Week 6 Reflection

Every week, we look at more and more Digital Humanities projects, and I find myself wondering where I will fit in. There are many times where I think about how future DSSFs will probably look at my project and critique it. I am not afraid of that, but it is just a fact.

I want them to think that it was an interesting addition to the collection of websites they review. I want them to think that it was well-executed and well-designed.

But more than just wanting them to like my project, I want to take away something from it.

I want anyone who comes across my project to consider the arguments on both sides for living history models. I want them to confront their existing opinion, or consider the ideas for the first time. I think that wanting your audience to think critically about a given topic is pretty common surrounding most published materials in academia, nonetheless, I maintain that this is something that I am heavily considering with every design decision.

I recently changed my theme to my website. It definitely set me back some, both in time devoted to looking into other options and in work put into customizing the website the first time. But I still felt as though it was important. Every day, more likely every minute, I find myself considering whether or not I would visit my own website if it was not mine.

More often than not, my answer is no. Not only do I not see myself spending a large amount of time perusing the digital humanities projects of undergrads. But my internet usage if usually based out of necessity, and not in wandering through different urls. And I think those two things are similar for many other people.

I have found myself stuck in that crisis a few times and have realized that my approach was unproductive and pretty negative. Now I ask myself: if I was to encounter my website, how long would I stay? I spend my time attempting to lengthen the time of my answer with everything I add to my site.

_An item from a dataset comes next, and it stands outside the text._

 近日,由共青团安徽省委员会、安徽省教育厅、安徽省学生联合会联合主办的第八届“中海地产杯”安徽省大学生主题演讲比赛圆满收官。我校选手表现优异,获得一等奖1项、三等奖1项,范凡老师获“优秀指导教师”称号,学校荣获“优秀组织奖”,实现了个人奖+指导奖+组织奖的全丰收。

I more likely than not will have an audience mostly consistency of the DH community, and the friends and family I explicitly show my project. But I want them to forget the original goal of seeing my website, the goal of seeing the tools I used or appeasing their annoying friend, and experiencing what I have been experiencing for 6 weeks now. If I can get an audience to just let their guard down enough to actually read what I have to say, I will consider this a success.

 

2 Replies to “Week 6 Reflection”

  1. I suspect you will have a much larger audience. There are so many people outside of academia who care about Gettysburg and the topics you are writing about. Keep in mind that how you currently use the web (as a student) is not how everyone uses the web. This may or may not be helpful as you enter the final stretch, but come back to your user stats in a year or so and evaluate visitation. You might be surprised at who accesses your work!

  2. I appreciate how you think about user experience and audience, and how they relate to each other! And you’re definitely thinking about interesting things here, and have a reach that will interest many users. I think your content will be strong and speak for itself, and that is what your users are really visiting for. I think at this point in the program, you’re also getting a bit tired of looking at your work and revisiting and re-evaluating … so take breaks, take a walk, find a rabbit trail for a few minutes to get revitalized. One of the challenges of this program is that it sort of is hyper-focused, so at some points it all blurs together. So give your brain some breaks.